> _Requirement_: Set down, exactly as written, the lines from the line holding "Paw patrol helmet" to the end of the data, inclusive, skipping any pictures.

> _Listed records_:
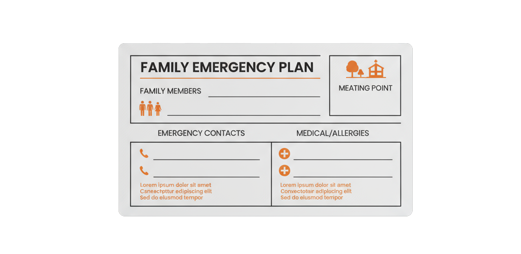 Checklist rápido: heridos, fuga de gas, electricidad, ruta de salida, punto de reunión.
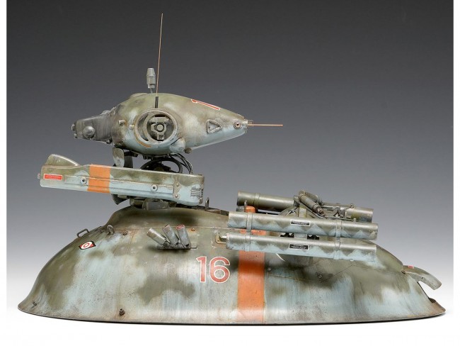 The Sturmvogel, Oscar's aggressive reconnaissance unit featuring a NINJA head and rocket launcher, makes its debut. The Oscar is an unmanned reconnaissance vehicle featuring a hover-driven armored chassis equipped with a Noise Spotter head unit for detection. Previously, we've released the later model equipped with a linear gun and the earlier model equipped with a laser gun. Now, we introduce a new aggressive reconnaissance variant of the Oscar featuring the NINJA head unit and rocket launchers. Its name is “Sturmvogel”. To enhance rear support capabilities, it features four additional homing rockets from the field modification kit. Its imposing silhouette is completed by the NINJA's high-performance search seeker mounted on the head. 【SK362 R6/N Panzer Spahwagen Sturmvogel】 ● Scale: 1/20 scale ● Size: Approx. 240mm (9.5in) total length ● Product Specifications: Plastic model kit ● Snap-fit type requiring no glue ● Included Items: Marking decals ● Appearance: “Maschinen Krieger” (C)Kow Yokoyama 2026
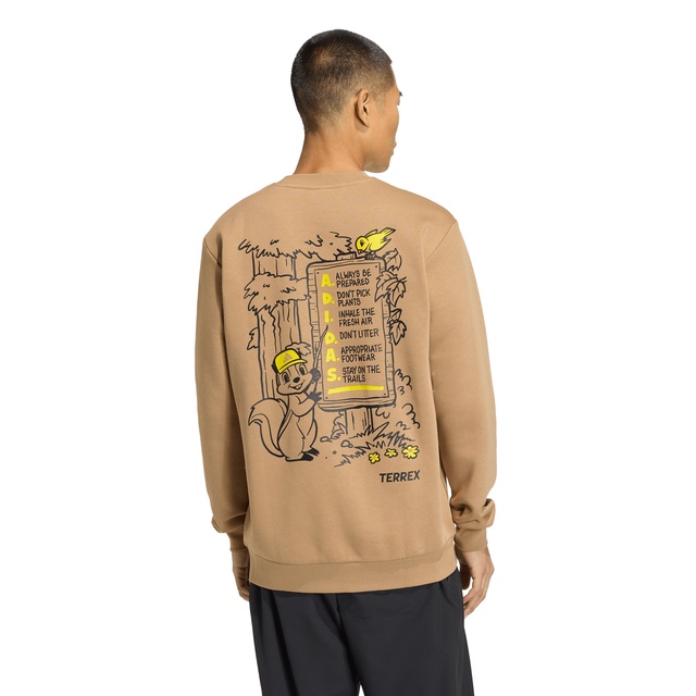 The Terrex Trail Rules Graphic Sweatshirt by adidas is your go-to for casual comfort with a touch of outdoor flair. This regular-fit sweatshirt offers a standard fit that is neither too tight nor too loose, making it perfect for layering on cooler days. The knit construction ensures warmth and comfort, whether you're hiking or relaxing.
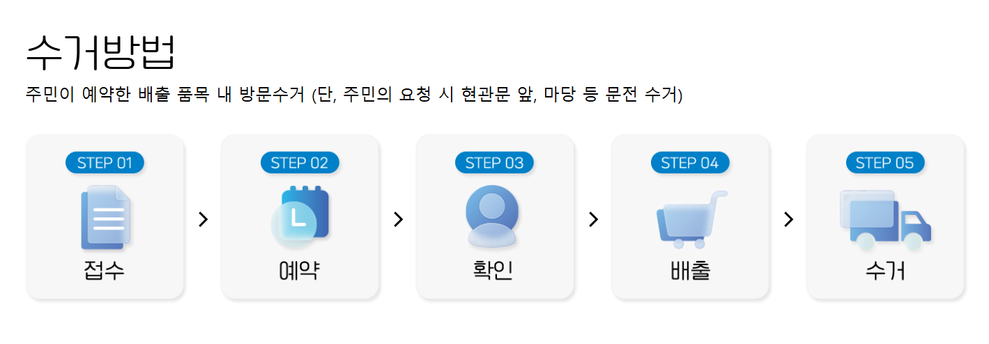 수거는 접수 후 예약, 확인, 배출, 수거의 단계로 진행됩니다.
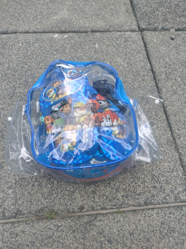 Paw patrol helmet and knee pads and elbow pads complete in a clear paw patrol bag. Hardly ever used.
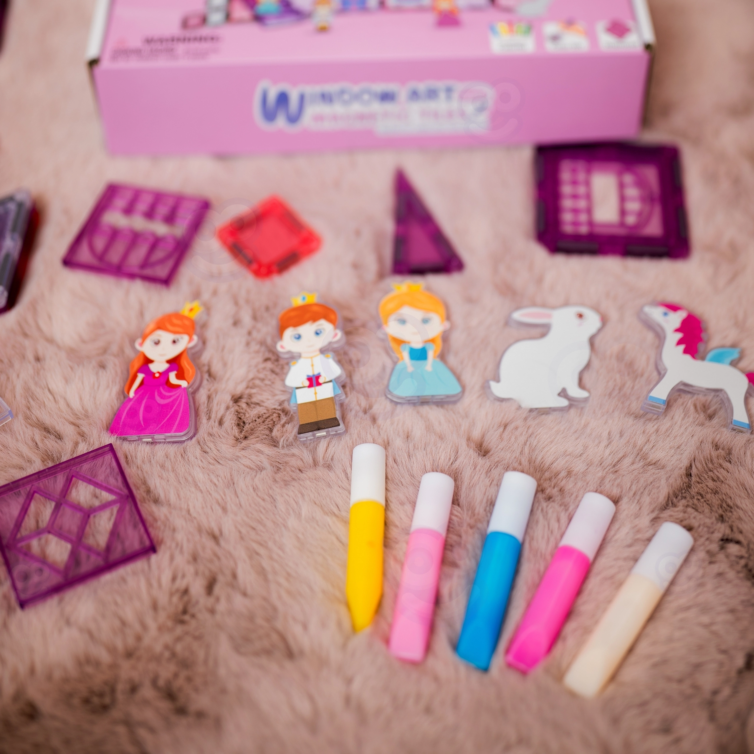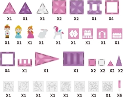 Magnetické dlaždice různých tvarů, okna a střechy, figurky (princezna, princ), jednorožec, dekorativní panely
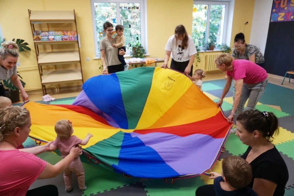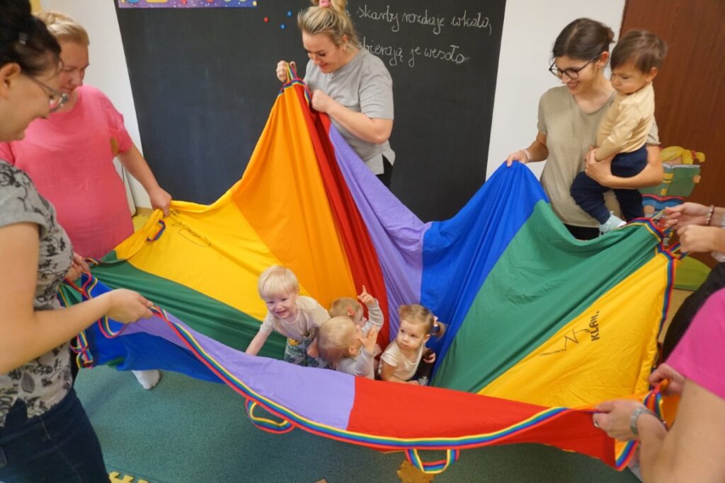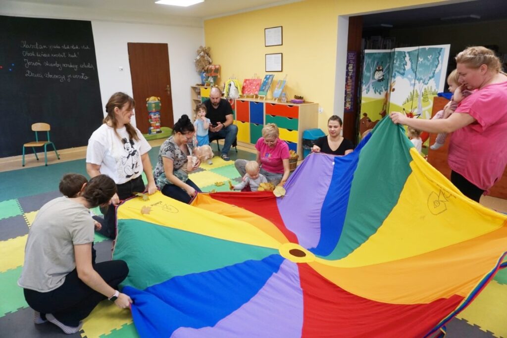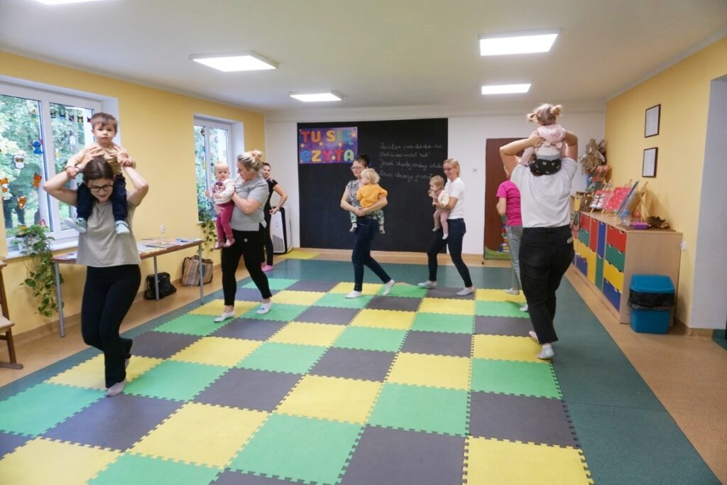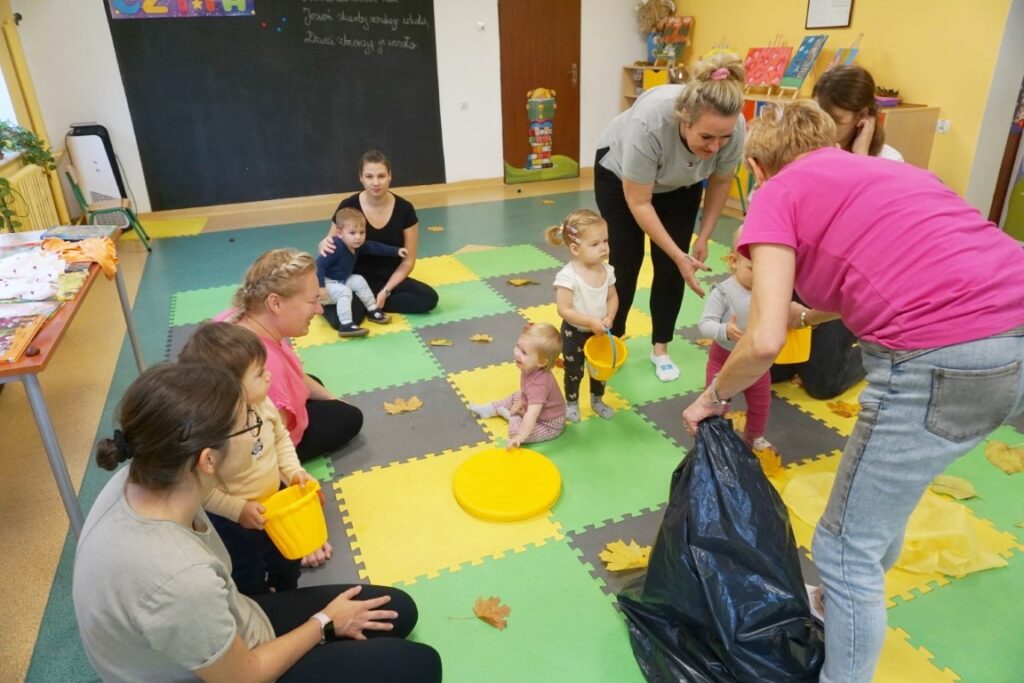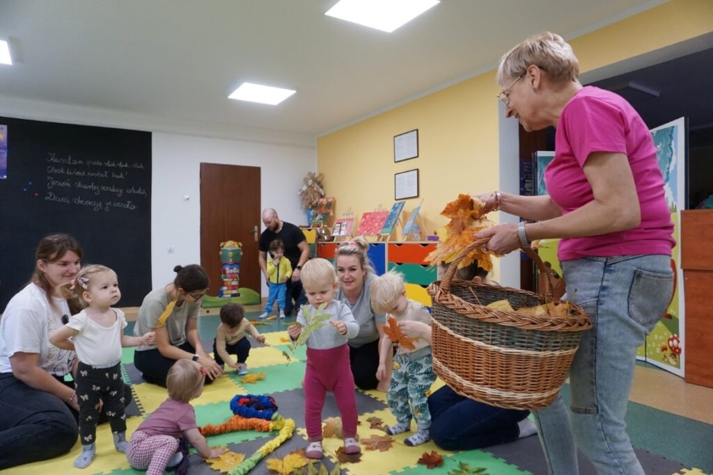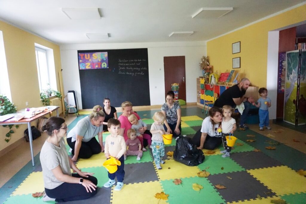 Dnia 22.10.25 do Biblioteki przyszły maluszki z mamusiami, by wziąć udział w jesiennych zajęciach integracyjnych, promujących książkę. Najpierw powitanie: klaskanie, tupanie, jak koniki kłusowanie, części ciała rozpoznawanie. Potem zabawy w kółeczku z sigumą i bęc na dywanie zrobiły!
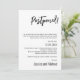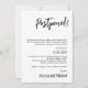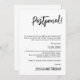 Apresentando o Cartão de Anúncio "Adiado" do Elegance Collection - uma forma na moda e divertida de compartilhar o atraso inesperado nos seus planos de casamento. Esta placa lateral, caracterizada por linhas limpas e estética moderna, oferece uma canvas elegante para transmitir atualizações importantes aos seus queridos convidados. O cabeçalho proeminente "ADIADO" no grande e ousado escrevendo imediatamente chama a atenção, seguido de uma mensagem caprichosa: "Então, você sabe como eles dizem que casamentos são sobre timing? Bem, a nossa decidiu fazer um desvio! Acontece que nosso encontro original foi apenas um ato de aquecimento para o show real." O cartão contém um espaço para inserir a nova data de casamento, garantindo que seus convidados sejam informados com estilo. A mensagem continua com humor: "Considere esta nossa maneira de testar sua dedicação a ser nossa batida de casamento favorita. Prometemos que o atraso é apenas para efeitos dramáticos. Pipoca e paciência são apreciadas." O anúncio é completado com uma expressão de gratidão de fechamento, "Obrigados por fazerem parte de nossa intermissão estendida!" assinada com os nomes dos casais abaixo. Feito com precisão e sofisticação, o Cartão de Anúncio de "Adiamento de Desvio" da Elegance Collection garante que mesmo em momentos inesperados, suas atualizações são transmitidas com humor e com o mesmo nível de graça que define sua história de amor.
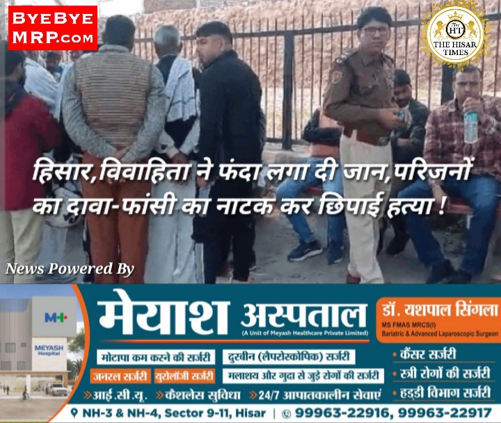 हिसार,विवाहिता ने फंदा लगा दी जान,परिजनों का दावा-फांसी का नाटक कर छिपाई हत्या !
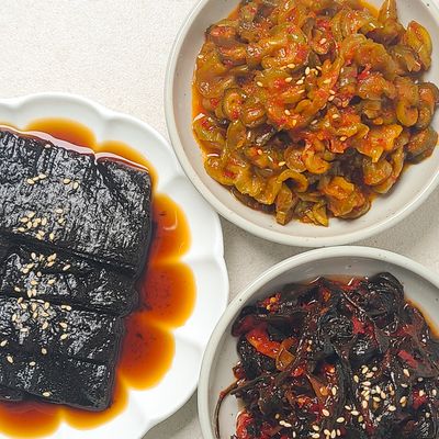 무엇을 고르든 맛있는 반찬 3종(열무단배추짜박이/고추장아찌무침/마늘장아찌/생 깻잎김치/코다리강정/삭힌단풍콩잎김치)

> _Your solution_:
 Paw patrol helmet and knee pads and elbow pads complete in a clear paw patrol bag. Hardly ever used.
 Magnetické dlaždice různých tvarů, okna a střechy, figurky (princezna, princ), jednorožec, dekorativní panely
 Dnia 22.10.25 do Biblioteki przyszły maluszki z mamusiami, by wziąć udział w jesiennych zajęciach integracyjnych, promujących książkę. Najpierw powitanie: klaskanie, tupanie, jak koniki kłusowanie, części ciała rozpoznawanie. Potem zabawy w kółeczku z sigumą i bęc na dywanie zrobiły!
 Apresentando o Cartão de Anúncio "Adiado" do Elegance Collection - uma forma na moda e divertida de compartilhar o atraso inesperado nos seus planos de casamento. Esta placa lateral, caracterizada por linhas limpas e estética moderna, oferece uma canvas elegante para transmitir atualizações importantes aos seus queridos convidados. O cabeçalho proeminente "ADIADO" no grande e ousado escrevendo imediatamente chama a atenção, seguido de uma mensagem caprichosa: "Então, você sabe como eles dizem que casamentos são sobre timing? Bem, a nossa decidiu fazer um desvio! Acontece que nosso encontro original foi apenas um ato de aquecimento para o show real." O cartão contém um espaço para inserir a nova data de casamento, garantindo que seus convidados sejam informados com estilo. A mensagem continua com humor: "Considere esta nossa maneira de testar sua dedicação a ser nossa batida de casamento favorita. Prometemos que o atraso é apenas para efeitos dramáticos. Pipoca e paciência são apreciadas." O anúncio é completado com uma expressão de gratidão de fechamento, "Obrigados por fazerem parte de nossa intermissão estendida!" assinada com os nomes dos casais abaixo. Feito com precisão e sofisticação, o Cartão de Anúncio de "Adiamento de Desvio" da Elegance Collection garante que mesmo em momentos inesperados, suas atualizações são transmitidas com humor e com o mesmo nível de graça que define sua história de amor.
 हिसार,विवाहिता ने फंदा लगा दी जान,परिजनों का दावा-फांसी का नाटक कर छिपाई हत्या !
 무엇을 고르든 맛있는 반찬 3종(열무단배추짜박이/고추장아찌무침/마늘장아찌/생 깻잎김치/코다리강정/삭힌단풍콩잎김치)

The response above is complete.